[Stored items from a collection]
____

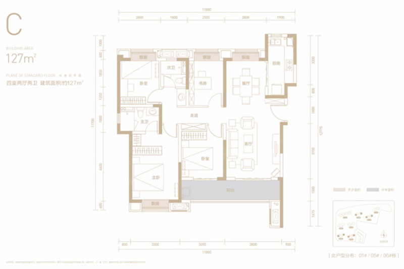 建面约 : 127.00㎡
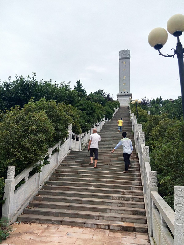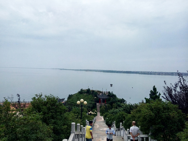 除了饒娥像,其對面的斗笠山也是美景所在之處。入山前,首先看到的是一條由青石板鋪成的臺階,臺階蜿蜒陡峭,兩側是漢白玉雕欄,欄上雕龍繪鳳,栩栩如生。抬頭仰望,只見臺階盡頭是一座高聳的石碑,燙金而書“天下第一碑”幾個大字。一路走走停停到了石碑前,眼前豁然開朗,放眼瞭望,到處一片茫茫水面,碧波蕩漾,翻起碎玉點點。窮極目力,水天一線之間,一座三角錐狀燈塔若隱若現,“浩渺鄱湖水接天,波翻浪涌競爭先;連江通海胸懷廣,滋養生靈歲復年。”余老的《鄱陽頌》誠不欺我。臺階中央又有一小平臺,連接至一片紅墻黃瓦的走廊,廊前紅墻上鑲嵌著墨色的石板,上面刻著一些當代大家對鄱陽湖的見聞和贊譽,筆走龍蛇,字體蒼勁,令人賞心悅目之時不免肅然起敬。走下斗笠山,已經接近傍晚,金日西斜,站在饒娥像后眺望,湖面一片金鱗銀濤,美如油畫。
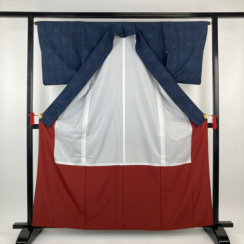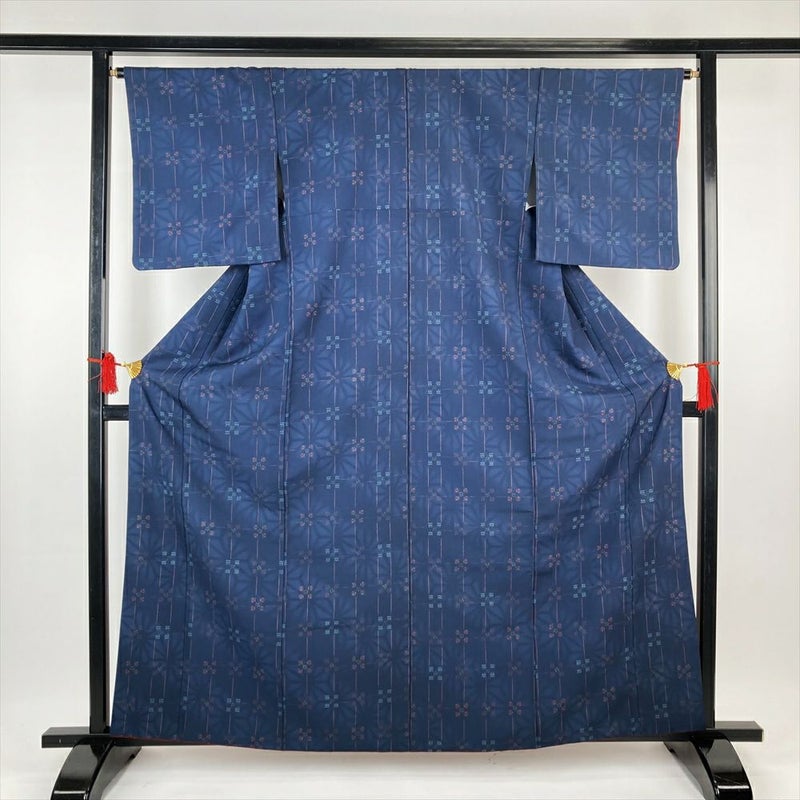(中古)江戸小紋 紺 ポリエステル 洗える ちりめん調 変わり格子 七宝 麻の葉 袷 S【身丈】158cm 【裄丈】64cm
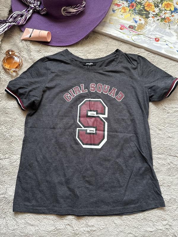 Женская летняя футболка, с принтом. Насыщенный темно серый цвет, качественный принт. Хлопок с эластаном. Замеры: Ширина в плечах - 40 см Длина - 58,5 см
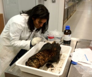 A main part of my PhD project is I want to learn as much as I can about life living at these tree falls and whale falls, especially recording the different animals found in these habitats as they usually re not found anywhere else on earth. Every time anew food fall is found, there are species new to science on it. This shows how little is known about these habitats. It is thought that because many whale-fall fauna don’t live anywhere else, whaling may have led to the extinction of hundreds of these deep-sea animals as there are now less whale bodies for them to live on. This is another reason why it is important to survey what lives at whale falls and stop whaling! I also want to look at how the animals use these food resources and estimate how important they are to the entire deep-sea ecosystem. Here is a picture of me in the lab picking animals off some wood collected from 2km depth on the SouthWest Indian Ridge off South Africa!
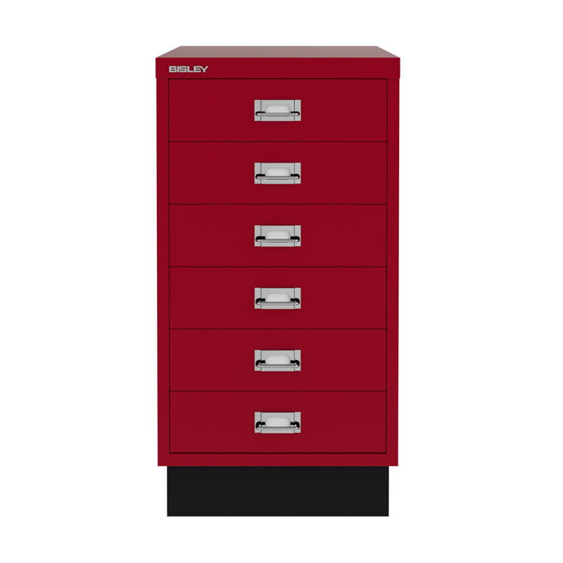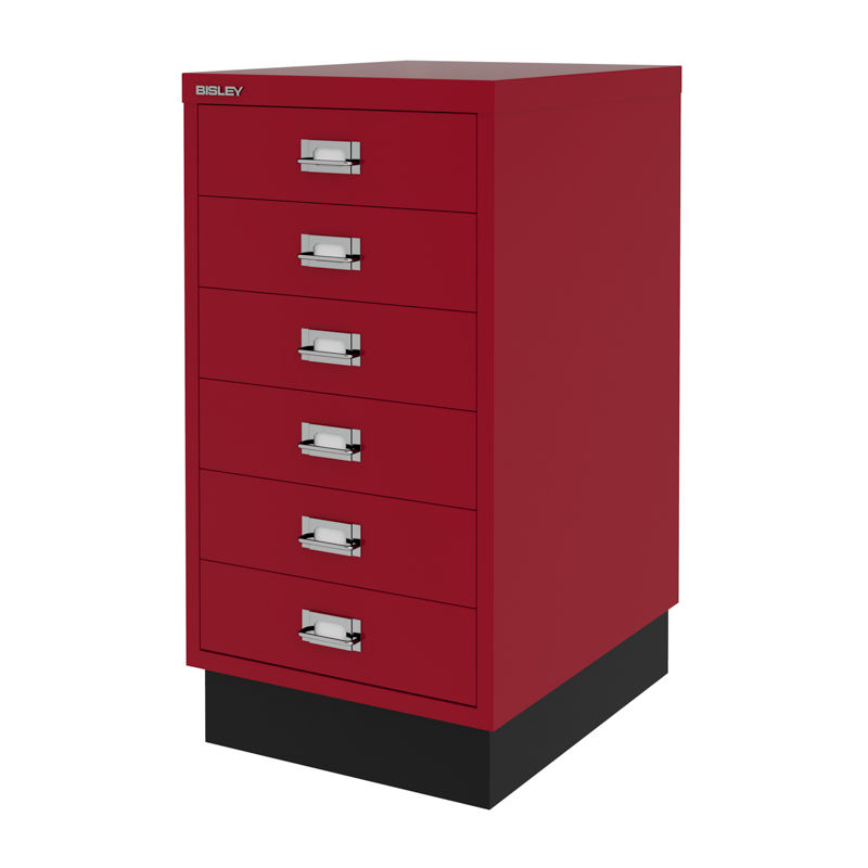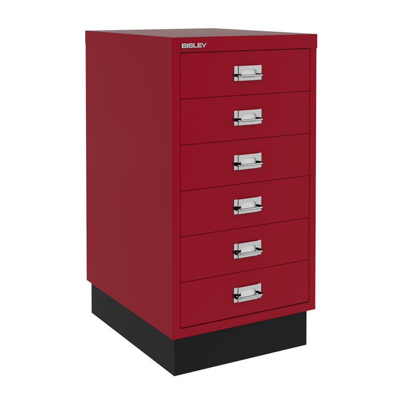 Skuffeskap BISLEY Classic A3, med sokkel, 6 skuffer, rød. Skuffehøyde 87 mm. Bisley skuffeskap gir en ryddig og praktisk oppbevaring på kontoret. Produsert i lakkert stål. Sokkel kan kombineres eller erstattes med hjulunderstell. Finnes i to grunnstørrelser, basert på de klassiske dokumentstørrelsene A4 og A3. Finnes i 2 ulike høyder avhengig av størrelsen. Etikettholder på hver skuff. Skuffeinnsatser kan kjøpes som tilbehør så du kan holde orden på dine småting.
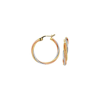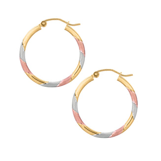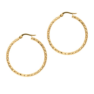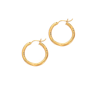 10K Gold Yellow Exterior, White Interior Diamond Cut Hoop Earring
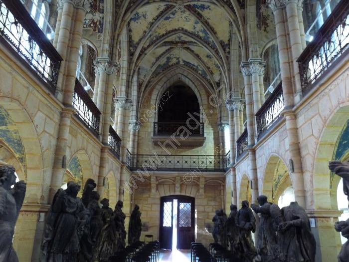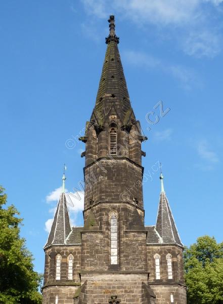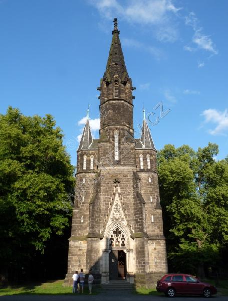 pohled na kapli s bývalým kostelníkovým domkem v zádech.
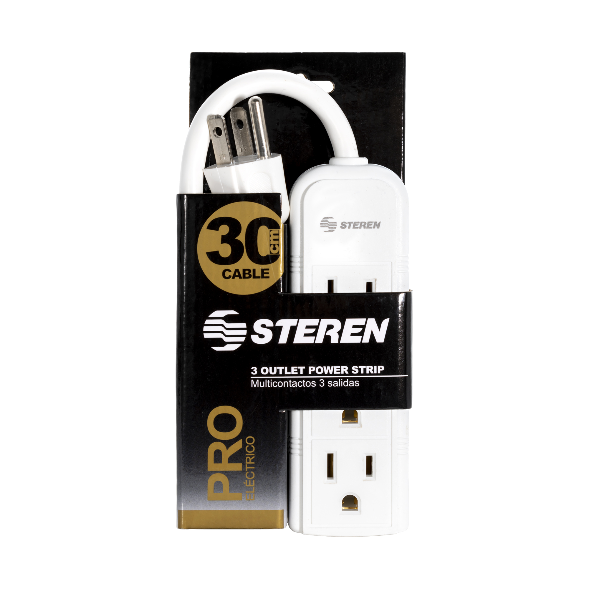 No sobrecargas tus enfunches con el Multicontacto de 3 Salidas Steren podrás conectar varios dispositivos al mismo tiempo, tiene una potencia de 1625W y un interruptor combinado de encendido – apagado, es exclusivo para interiores y cuenta con una longitud de 30 cm.
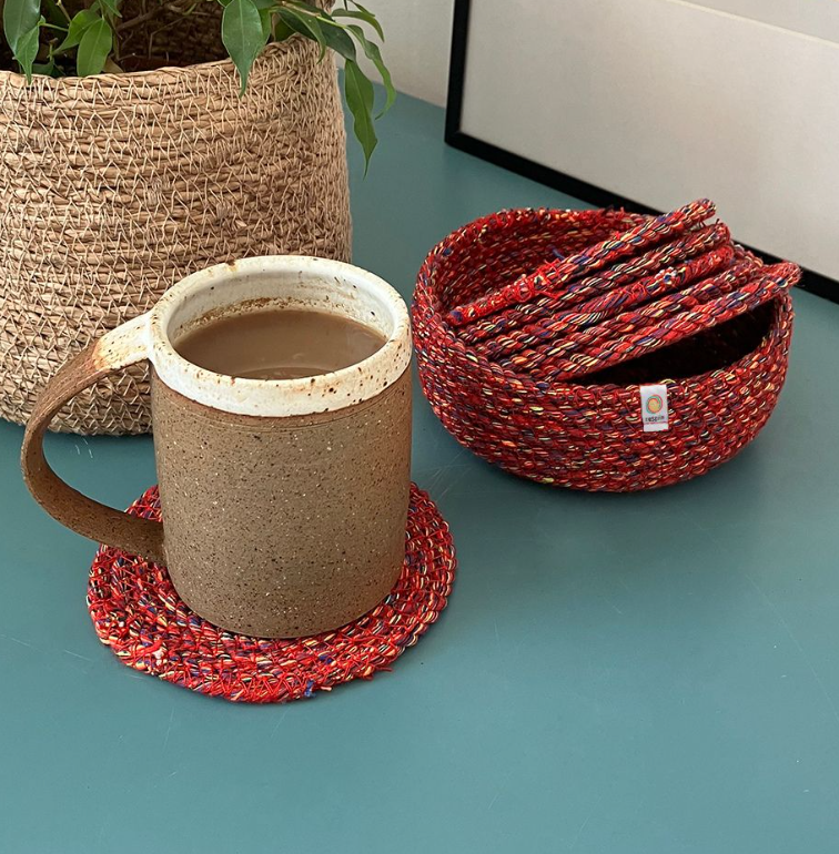 Multicoloured Recycled Cotton Coaster Set by Respiin
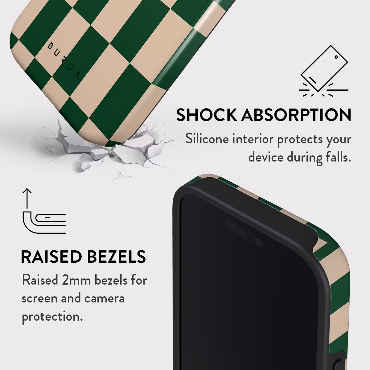 Tough-konstruktion i två lager som absorberar stötar och skyddar telefonen effektivt
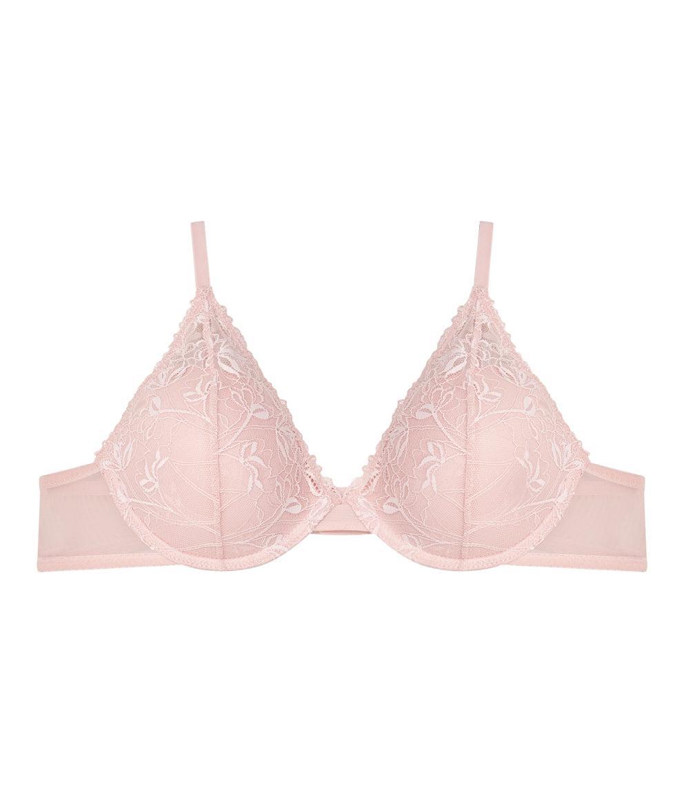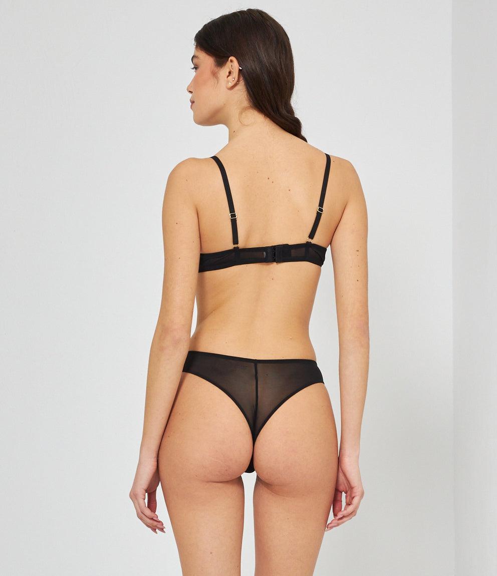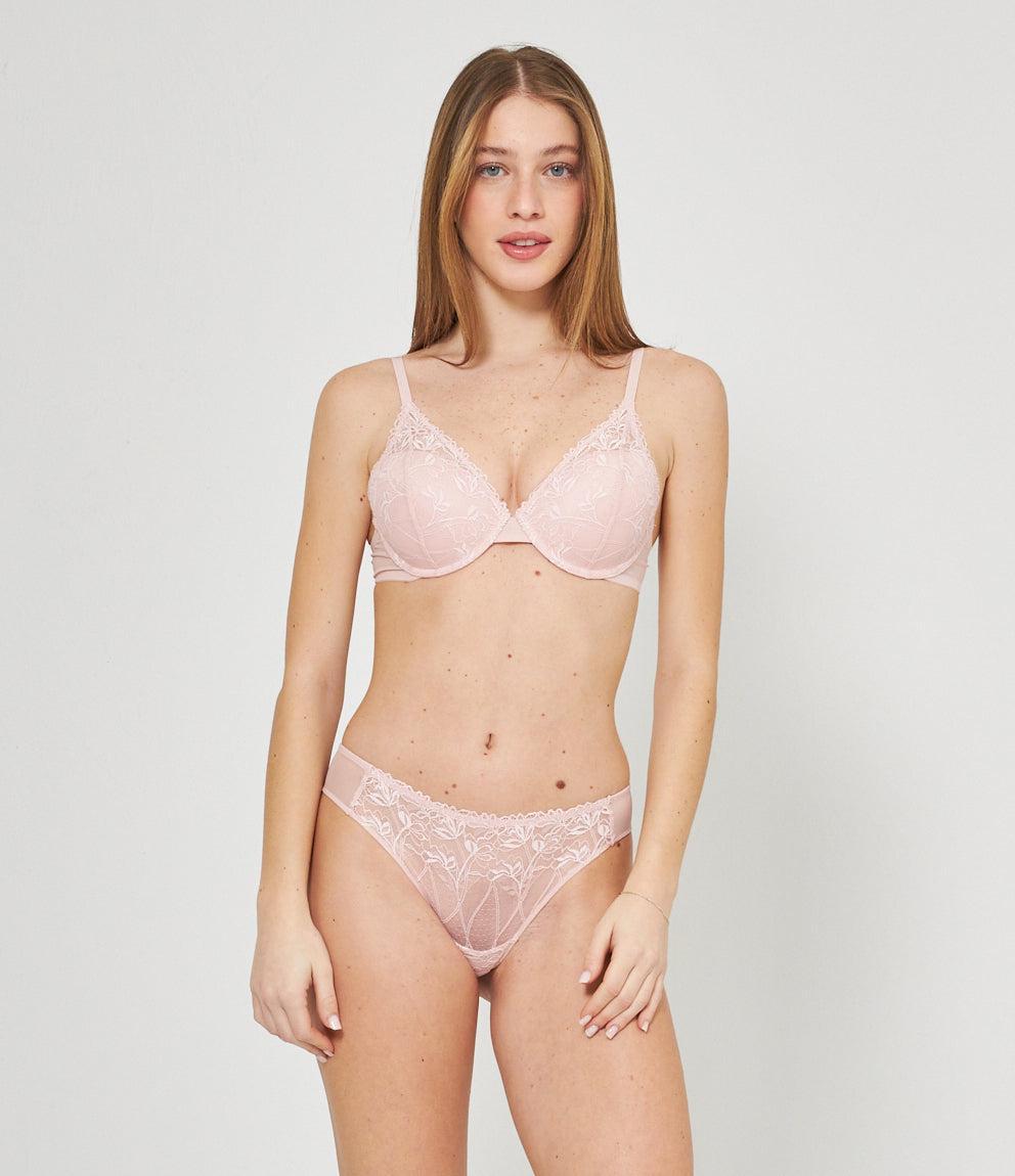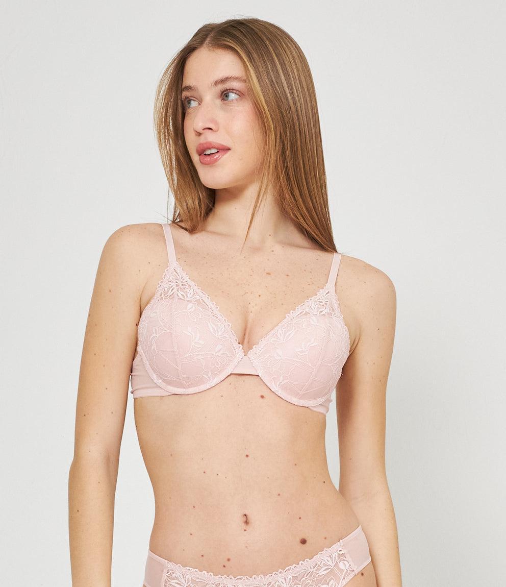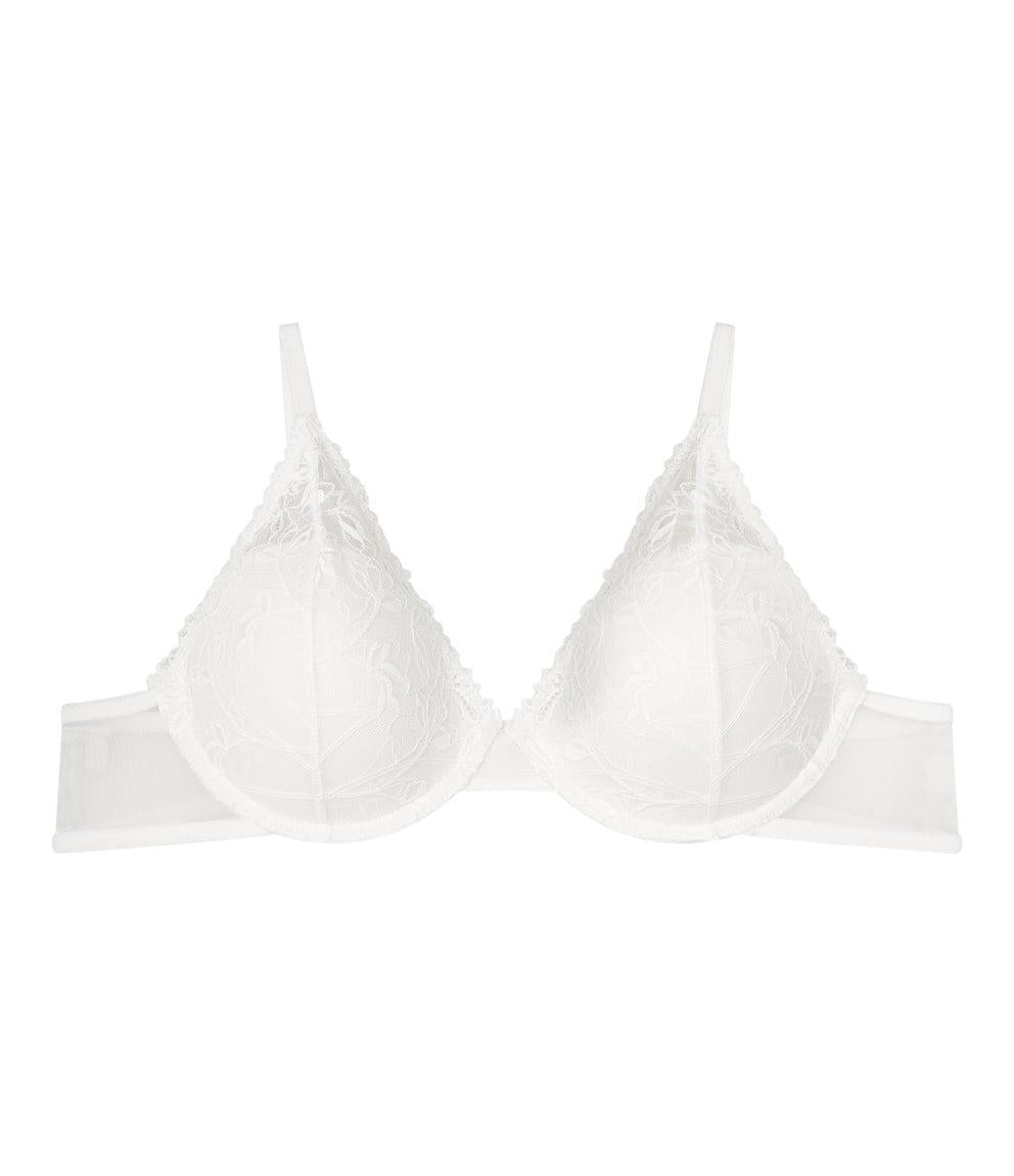 Reggiseno in pizzo con trasparenze, modello a balconcino con ferretto e coppe imbottite. Spalline regolabili e chiusura con due gancetti regolabili in tre larghezze.

____

Problem description ▸ From the opening line of the entries, copy each line exactly until the line with "Женская летняя футболка, с", which is copied as well; leave out pictures.

Worked solution ▸
 建面约 : 127.00㎡
 除了饒娥像,其對面的斗笠山也是美景所在之處。入山前,首先看到的是一條由青石板鋪成的臺階,臺階蜿蜒陡峭,兩側是漢白玉雕欄,欄上雕龍繪鳳,栩栩如生。抬頭仰望,只見臺階盡頭是一座高聳的石碑,燙金而書“天下第一碑”幾個大字。一路走走停停到了石碑前,眼前豁然開朗,放眼瞭望,到處一片茫茫水面,碧波蕩漾,翻起碎玉點點。窮極目力,水天一線之間,一座三角錐狀燈塔若隱若現,“浩渺鄱湖水接天,波翻浪涌競爭先;連江通海胸懷廣,滋養生靈歲復年。”余老的《鄱陽頌》誠不欺我。臺階中央又有一小平臺,連接至一片紅墻黃瓦的走廊,廊前紅墻上鑲嵌著墨色的石板,上面刻著一些當代大家對鄱陽湖的見聞和贊譽,筆走龍蛇,字體蒼勁,令人賞心悅目之時不免肅然起敬。走下斗笠山,已經接近傍晚,金日西斜,站在饒娥像后眺望,湖面一片金鱗銀濤,美如油畫。
(中古)江戸小紋 紺 ポリエステル 洗える ちりめん調 変わり格子 七宝 麻の葉 袷 S【身丈】158cm 【裄丈】64cm
 Женская летняя футболка, с принтом. Насыщенный темно серый цвет, качественный принт. Хлопок с эластаном. Замеры: Ширина в плечах - 40 см Длина - 58,5 см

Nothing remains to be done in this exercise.